Keeping them separate keeps each binary's intent and exit
semantics clear.
## What's NOT here (deferred to Phase 8.8)
- **Performance profiling and QPU dispatch.** Currently the
daemon decodes entirely on CPU via FFmpeg. Substituting
per-block `daedalus_dispatch_*` calls into FFmpeg's hot
path for the kernels where our V3D7 implementation matches
is the road to 30fps@1080p (the
`30fps-floor-is-fine` memory's user-facing criterion).
- **HDR / 10-bit.** CAPTURE is NV12M only; no P010M or
YUV420P10LE pack path.
- **Multi-codec stream tests.** Phase 8.7's streaming tests
are VP9 only (multi-frame test files are easy to make).

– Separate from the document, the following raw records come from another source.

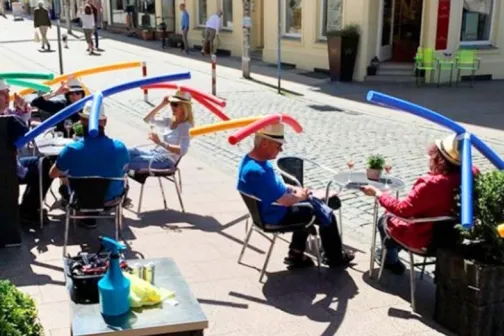 Imagine 21/05/2020 -19:36 News Video. Un restaurant din Germania oferă clienților pălării pentru a menține distanța
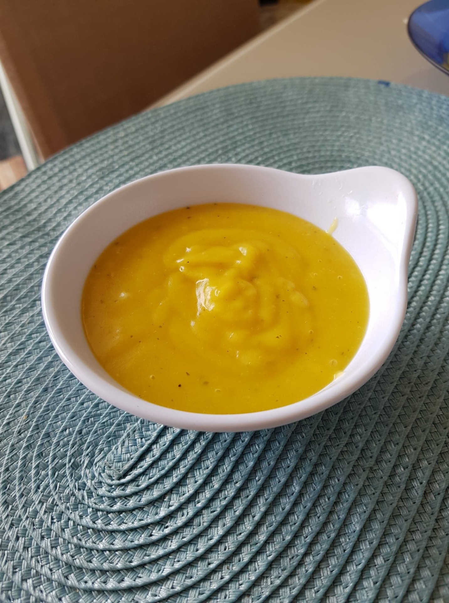 - Se você tiver um mixer, bata o caldo até que fique bem lisinho. Do contrario, bata a mistura no liquidificador até que fique bem lisinho.
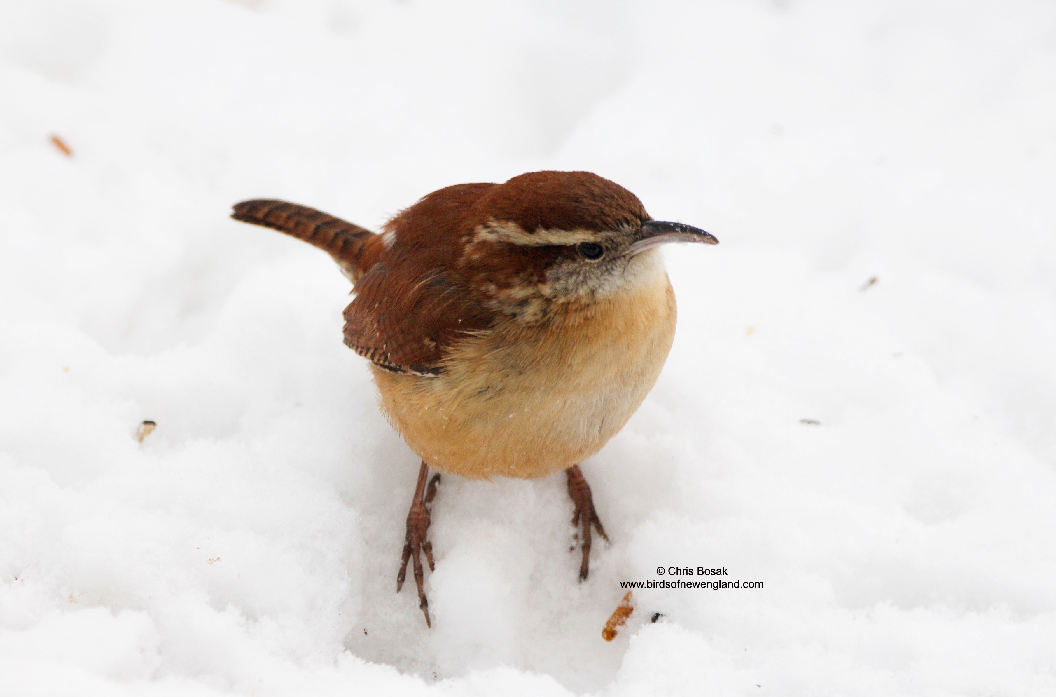 A Carolina wren searches for food under a feeder in New England, January 2026.
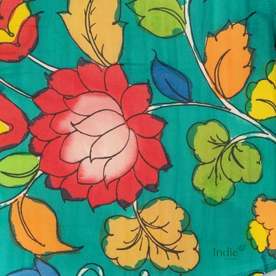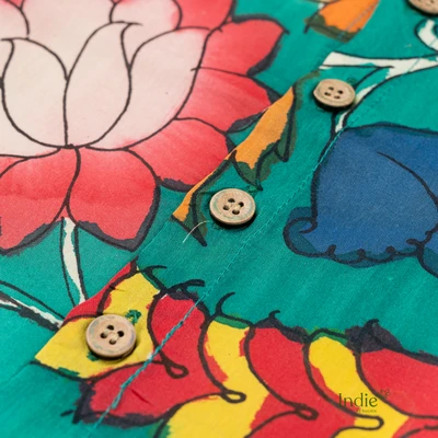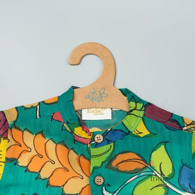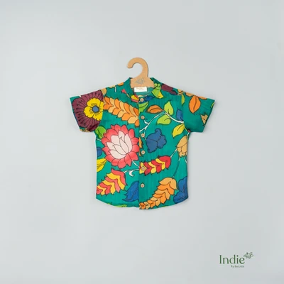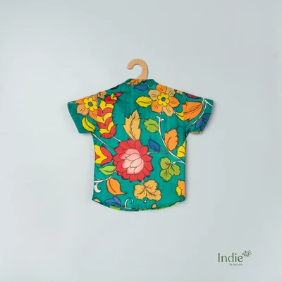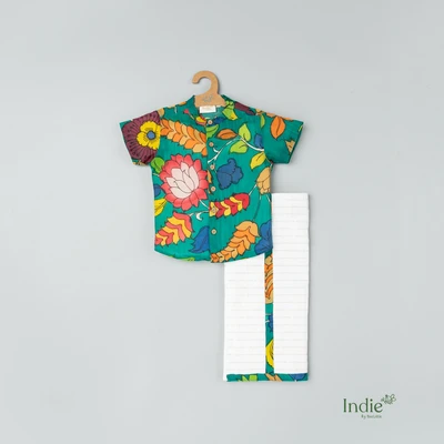 Green Flora Kalamkari Shirt With Checked Dhoti Set

AV1 + H.264 multi-frame round-trips should be done by
Phase 8.8.
## Phase 8.8 plan
1. Profile daemon end-to-end on hertz: identify FFmpeg hot
functions for VP9 / AV1 / H.264.
2. Map matching `daedalus_dispatch_*` calls (IDCT, MC,
deblock, qpel — from cycles 1, 2, 4, 9).
3. dlopen-binding from the daemon into daedalus-fourier's
per-kernel entry points (sibling repo).
4. Validate bit-exactness after each substitution.
5. Measure fps@1080p; target 30fps stable on VP9 (8.6's
single-frame proved 1080p works; 8.8 makes it real-time).
6. Multi-frame AV1 + H.264 round-trips.
7. P010M / YUV420P10LE for HDR sources.